=== Aim of the exercise ===
Each line from the opening of the material through the line holding "Herbert Schmidt Mod" needs to be returned exactly, with the pictures left out.

=== Data extract ===

::::::::::

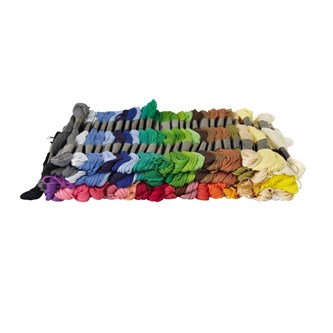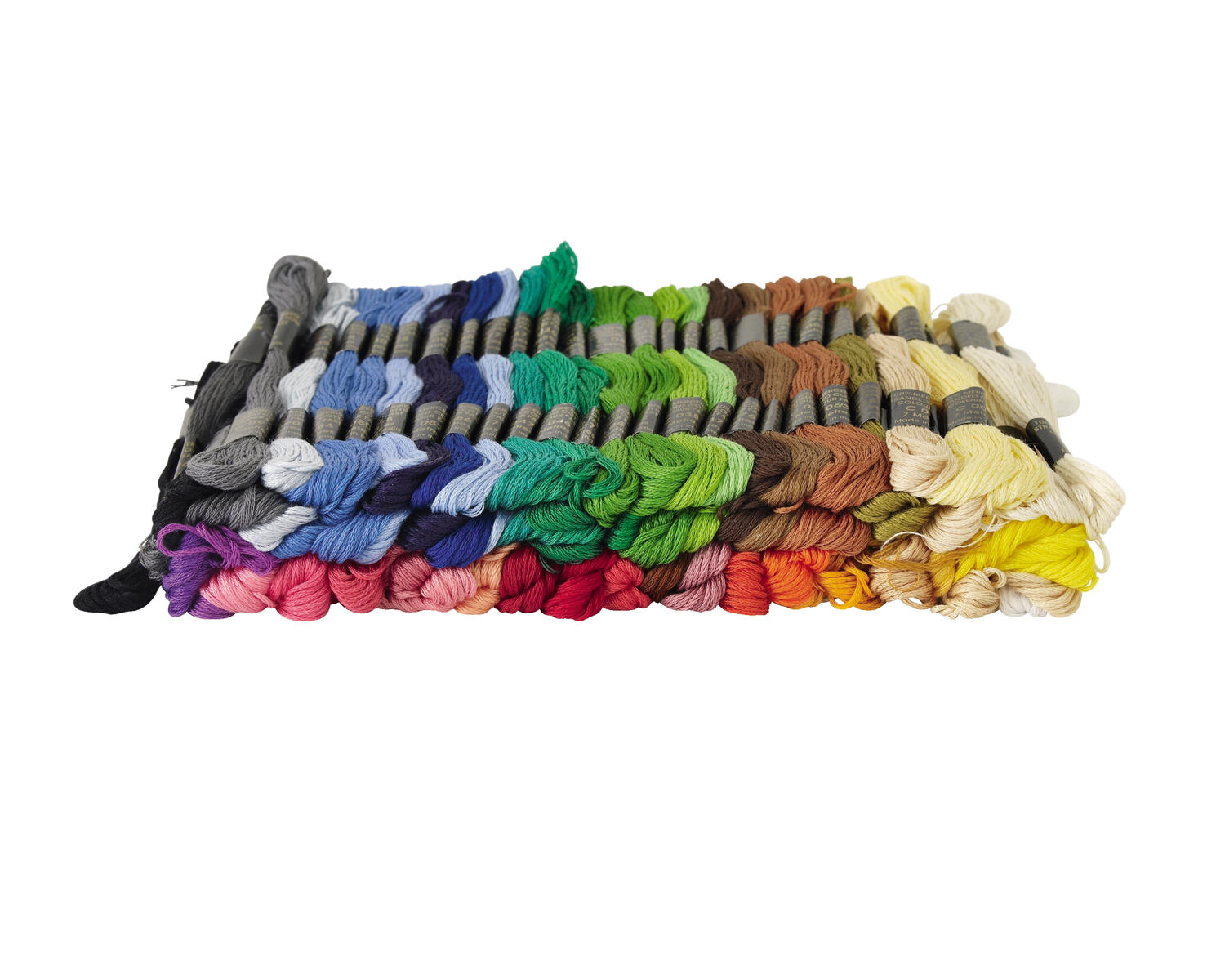 100 st/fp. 100 % bomull. 2 garndockor. 50 st färger. 7 m/docka. Tvinnat med 6 trådar. PVC-fri.
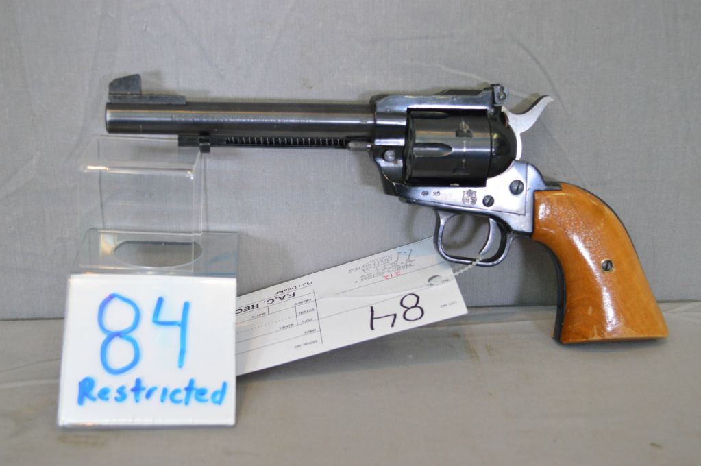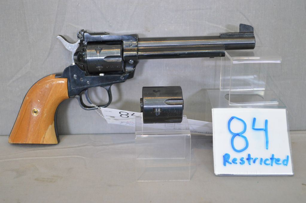 Herbert Schmidt Mod 21S Texas Scout .22 LR cal & .22 Mag cal 6 shot Revolver w/ 140 mm bbl [ blued finish, adjustable rear sight, chipped right grip that has glued repair , c/w extra cylinder, few marks ] Ser # 763412 Restricted Cert # 4595915
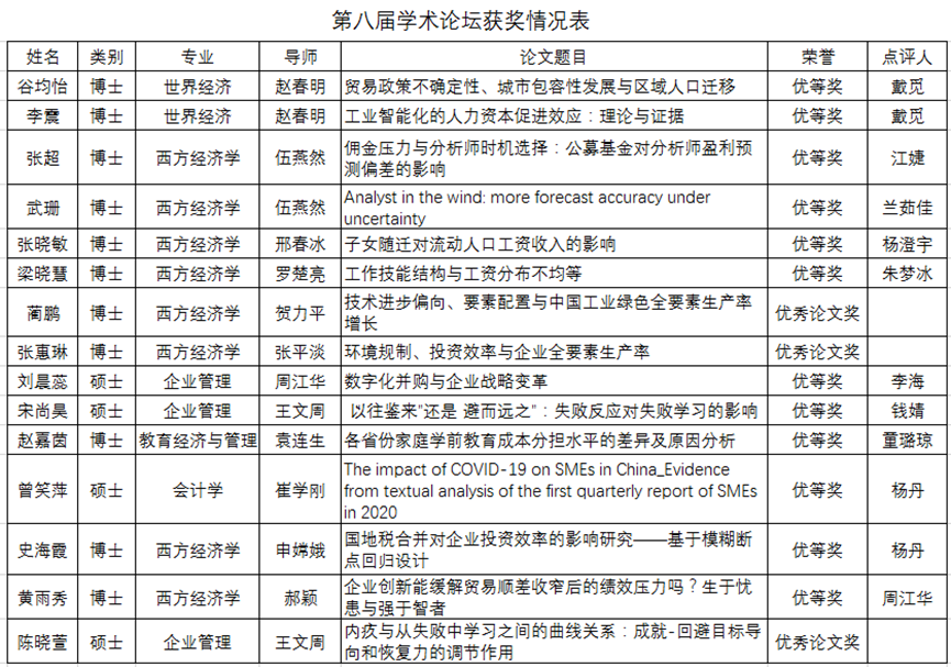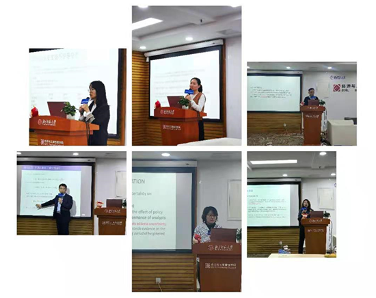 The next part was the academic exchange of the participating students. Gu Junyi's report was titled “ Trade Policy Uncertainty, Inclusive Urban Development and Regional Migration” ,  Ms. Dai Mi gave her affirmation and suggestions from the perspectives of creativity, empirical accuracy and writing norms. The title of Li Zhen's report was "The Human Capital Promotion Effect of Industrial Intelligence: Theory and Evidence". Teacher Dai Mi believed that this article showed the characteristics of a mature academic researcher, and also put forward suggestions for further improvement from the theoretical perspective. The title of Zhang Chao's report was Commission Pressure and Analyst Timing Choice: The Influence of Public Offering Funds on Analyst's Profit Forecast Dices . Teacher Jiang Jie affirmed his workload and research conclusion, and suggested that his research ideas should be clearer and focused, and the influence mechanism should be highlighted. Wu Shan's report was titled "Analyst in the Wind: More Forecast Accuracy Under Uncertainty" . Lan Rujia pointed out that the topic of this paper was novel, close to the current epidemic situation, and the story of China was told well. Meanwhile, she also proposed that it could be further strengthened in terms of innovation and economic significance. The title of Zhang Xiaomin's report was "The Influence of Children's Accompany Movements on the Wage Income of Floating Population" . Yang Chengyu first affirmed the empirical research on its norms, and suggested further exploring the economic mechanism behind it to strengthen the theoretical basis. The title of Liang Xiaohui's report was "Work Skilled Structure and Wage Inequality Distribution" . Teacher Zhu Mengbing thought that it has clear ideas, rigorous methods and smooth writing. At the same time, she also pointed out that the introduction and research angle can be further optimized.

::::::::::

=== Response ===
 100 st/fp. 100 % bomull. 2 garndockor. 50 st färger. 7 m/docka. Tvinnat med 6 trådar. PVC-fri.
 Herbert Schmidt Mod 21S Texas Scout .22 LR cal & .22 Mag cal 6 shot Revolver w/ 140 mm bbl [ blued finish, adjustable rear sight, chipped right grip that has glued repair , c/w extra cylinder, few marks ] Ser # 763412 Restricted Cert # 4595915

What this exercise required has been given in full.